Он был поистине страшен, раскрываясь, отливая чернотой слов:

– И у меня на всё про всё – только псарня. Свора жадных, наглых варягов, которые с меча едят… И пока я их кормлю – они меня – рычат, да терпят... А если я их не накормлю… За счёт народа – а за чей ещё?! Эта же свора меня и разорвёт!

(…)

Вы зря их, там на Западе, усложняете, они же очень просто мыслят. Если вы терпите всё, что они выдумали, – то вы демократы. Не отдаёшь им всего на откуп, пытаешься им в чём-то возражать – значит, злой тиран.

– А смысл?

– Ну как?! Они же, как последняя левацкая сволочь, – тоже хотят «дать людям всё». Своим людям. Но, в отличие от леваков, они знают откуда брать на раздачу. Отнять своим у чужих.

(…)

…Огромное батальное полотно известной художницы Татьяны Шумловой, всегда тяготевшей к историческим сюжетам, называлось «Чёрный Рыцарь Джустиньяни».

– У него моё лицо, – не столько спросил, сколько констатировал редко выбиравшийся на вернисажи Президент.

– Да, господин Президент, – объяснил бывший муж и непреходящий спонсор художницы. – Вы схожи не только лицами, но и судьбами…

– Что вы имеете в виду? – поморщился Президент, который терпеть не мог византийские пышные метафоры, всегда требовал конкретики, цифр, «явок, адресов, паролей» – как он сам об этом говорил.

– Чёрный рыцарь Джустиньяни провёл в погибавший Царьград две последних галеры, с горсткой храбрецов, последних защитников города… Здесь вы видите тот, многократно описанный разными историками, момент, когда Джустиньяни с великих стен осматривает необозримые орды османских живодёров… Не видно ни конца, ни края… На каждого воина Джустиньяни приходилось более сотни турок…

– Он поэтому чёрный? – поинтересовался, с виду лениво, Президент.

– Одежда Джустиньяни, чёрная с ног до головы, без слов показывала кондотьерам, что он не рассчитывает на победу…
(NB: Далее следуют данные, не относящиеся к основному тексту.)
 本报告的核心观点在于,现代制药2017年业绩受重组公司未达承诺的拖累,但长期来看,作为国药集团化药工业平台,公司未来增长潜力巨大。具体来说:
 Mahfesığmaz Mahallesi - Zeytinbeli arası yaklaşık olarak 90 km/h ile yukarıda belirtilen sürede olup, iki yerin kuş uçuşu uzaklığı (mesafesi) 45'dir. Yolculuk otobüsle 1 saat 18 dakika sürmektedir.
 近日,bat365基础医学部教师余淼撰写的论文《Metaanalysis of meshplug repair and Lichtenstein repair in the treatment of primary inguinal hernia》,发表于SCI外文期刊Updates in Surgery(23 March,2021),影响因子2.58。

Они помолчали, глядя на полотно, и эта пауза, с остановкой, была беззвучным, но высшим комплиментом от сдержанного на похвалы Президента.
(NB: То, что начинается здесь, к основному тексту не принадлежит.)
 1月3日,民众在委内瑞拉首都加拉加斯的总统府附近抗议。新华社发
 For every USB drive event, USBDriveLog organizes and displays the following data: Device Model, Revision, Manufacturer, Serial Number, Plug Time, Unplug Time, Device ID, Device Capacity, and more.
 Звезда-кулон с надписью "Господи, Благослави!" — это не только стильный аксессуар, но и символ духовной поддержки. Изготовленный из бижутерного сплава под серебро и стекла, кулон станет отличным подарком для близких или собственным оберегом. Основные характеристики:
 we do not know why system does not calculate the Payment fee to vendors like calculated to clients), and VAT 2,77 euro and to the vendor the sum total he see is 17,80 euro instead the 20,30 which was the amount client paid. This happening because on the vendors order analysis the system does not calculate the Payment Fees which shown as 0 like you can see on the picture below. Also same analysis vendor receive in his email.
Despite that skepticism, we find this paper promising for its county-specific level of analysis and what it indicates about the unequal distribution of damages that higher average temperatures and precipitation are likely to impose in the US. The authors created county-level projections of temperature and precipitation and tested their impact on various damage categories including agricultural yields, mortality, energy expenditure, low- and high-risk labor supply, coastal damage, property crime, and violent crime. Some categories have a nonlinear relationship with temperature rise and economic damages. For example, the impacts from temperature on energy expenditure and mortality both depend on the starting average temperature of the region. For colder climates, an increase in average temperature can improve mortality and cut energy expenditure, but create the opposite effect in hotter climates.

Зачем слова? Оба понимали: необозримы и невообразимы силы американского Рейха. Силён был гитлеровский, очень силён, но куда ему до этого? Разве были у Гитлера такие территории, такие ресурсы, такие неисчерпаемые резервуары пушечного мяса?

Сотни порабощённых народов, спаянные волей Американской Золотой Орды, шагают в едином строю. Кто-то с подлой собачьей надеждой выслужиться, получить от хозяина обглоданную кость. А кто-то – со слезами унижения и бессилия. Но все они идут и идут, единой фалангой, заменившей собой горизонт…

«И дивилась вся земля, следя за зверем, и поклонились дракону, который дал власть зверю, и поклонились зверю, говоря: кто подобен зверю сему? и кто может сразиться с ним?» .

На стенах Царьграда – нет людей. Гигантский город заселён растленными паразитами, которые ещё не знают, что турецкий султан вырежет их поголовно. И вырежет со словами поучения для потомков:

– Эти не захотели защищать свой город, неужели будут защищать мой?

Султан понимал, что цареградцы – гниль, способная заразить его гулемов своей гнилостью. Жители Царьграда этого про себя не понимали. Они пока ещё ждут – кто победит? Они рассчитывают, всех меряя по себе, что при новом хозяине их положение будет «как минимум» не хуже, чем при старом, изрядно их угнетавшем…

– Неужели вы думаете, что при султане нам будет тяжелее, чем при «этом»?! – подмигивали всезнающие торгаши Константинополя, убеждённые, что искушены в политике поболе прочих. – Наш император просто цепляется за личную власть, ему на нас наплевать так же, как и султану… Это их царские разборки, они нас не касаются…

Великая загадка истории, снова и снова повторяющаяся в ней: почему Царьград нужен Джустиньяни, приплывшему сюда умирать на стенах через три моря? И не нужен тем, кто здесь родился?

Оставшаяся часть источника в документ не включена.